DATA FOR ANALYSIS –
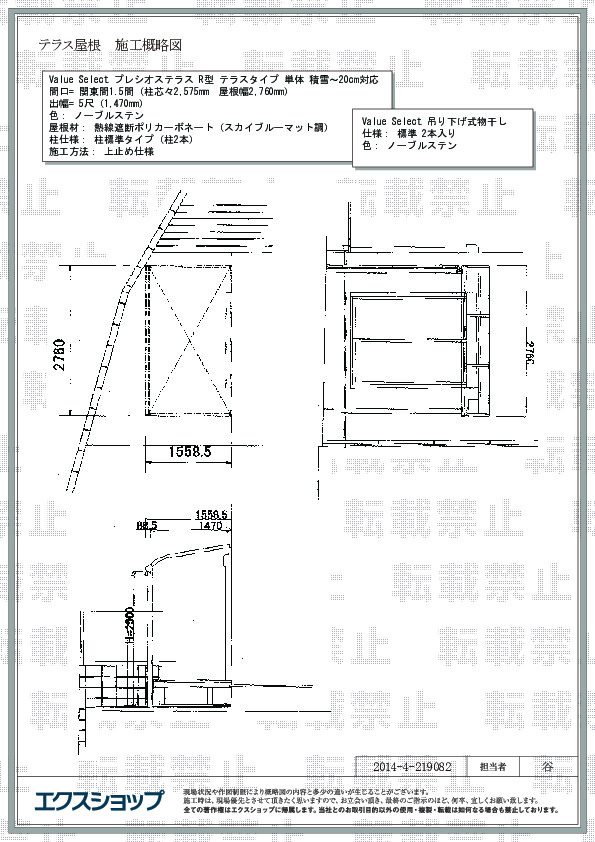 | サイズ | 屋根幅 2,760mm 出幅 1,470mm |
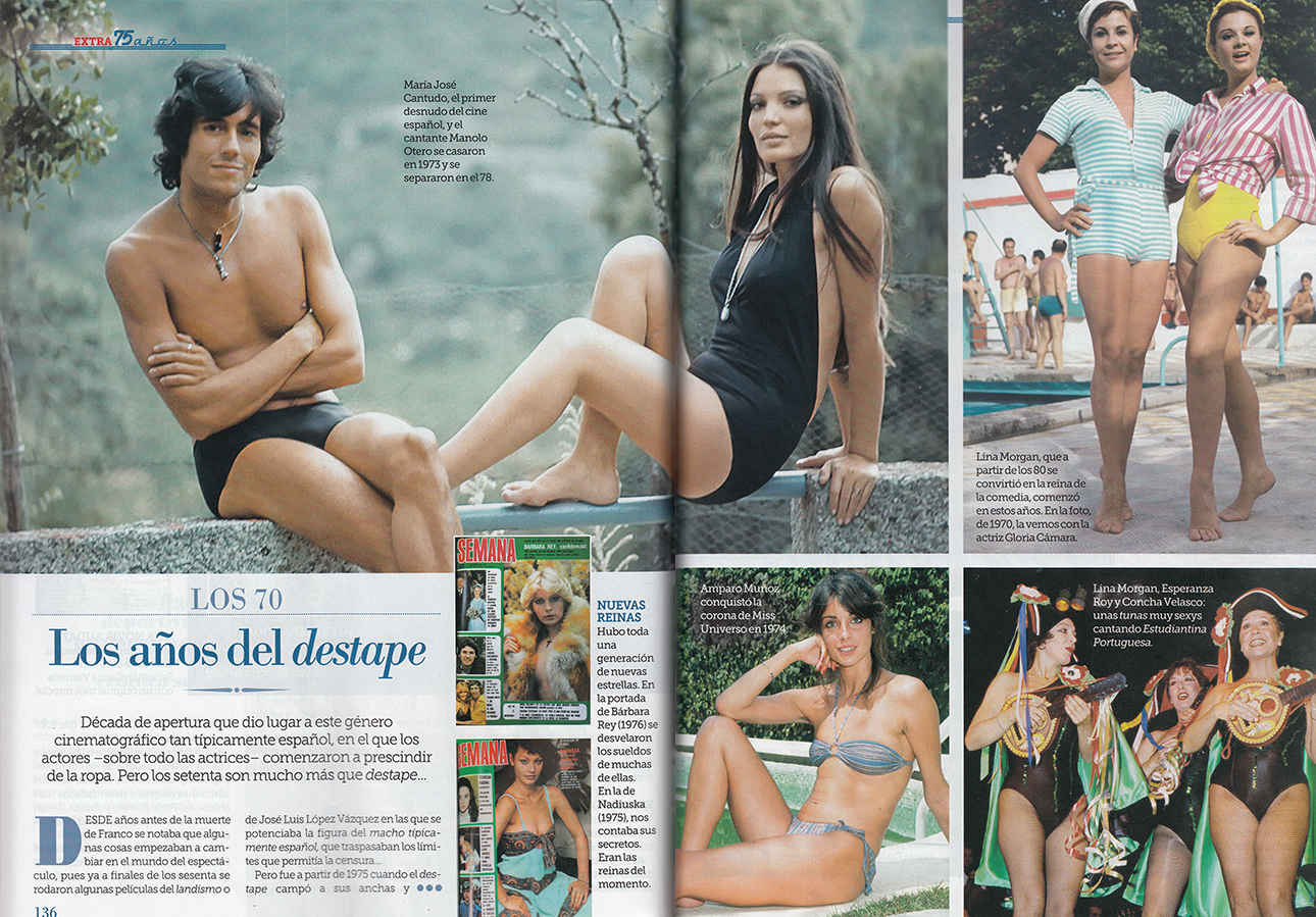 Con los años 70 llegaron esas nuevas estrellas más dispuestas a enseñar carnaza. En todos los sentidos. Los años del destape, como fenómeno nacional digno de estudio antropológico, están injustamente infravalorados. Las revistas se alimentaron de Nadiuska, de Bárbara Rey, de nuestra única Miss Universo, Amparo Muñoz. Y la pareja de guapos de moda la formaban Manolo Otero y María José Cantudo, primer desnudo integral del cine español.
---
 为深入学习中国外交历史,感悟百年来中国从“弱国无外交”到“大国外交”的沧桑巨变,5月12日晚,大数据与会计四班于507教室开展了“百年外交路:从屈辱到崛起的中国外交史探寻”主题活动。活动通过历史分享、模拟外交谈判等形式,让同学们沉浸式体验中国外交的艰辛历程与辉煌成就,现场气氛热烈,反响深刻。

THE PROBLEM – With pictures omitted, repeat the entries above word for word from the line holding "出幅 1,470mm |" down to the line holding "Con los años", keeping both of those lines.

SOLUTION TO THE PROBLEM –
 | サイズ | 屋根幅 2,760mm 出幅 1,470mm |
 Con los años 70 llegaron esas nuevas estrellas más dispuestas a enseñar carnaza. En todos los sentidos. Los años del destape, como fenómeno nacional digno de estudio antropológico, están injustamente infravalorados. Las revistas se alimentaron de Nadiuska, de Bárbara Rey, de nuestra única Miss Universo, Amparo Muñoz. Y la pareja de guapos de moda la formaban Manolo Otero y María José Cantudo, primer desnudo integral del cine español.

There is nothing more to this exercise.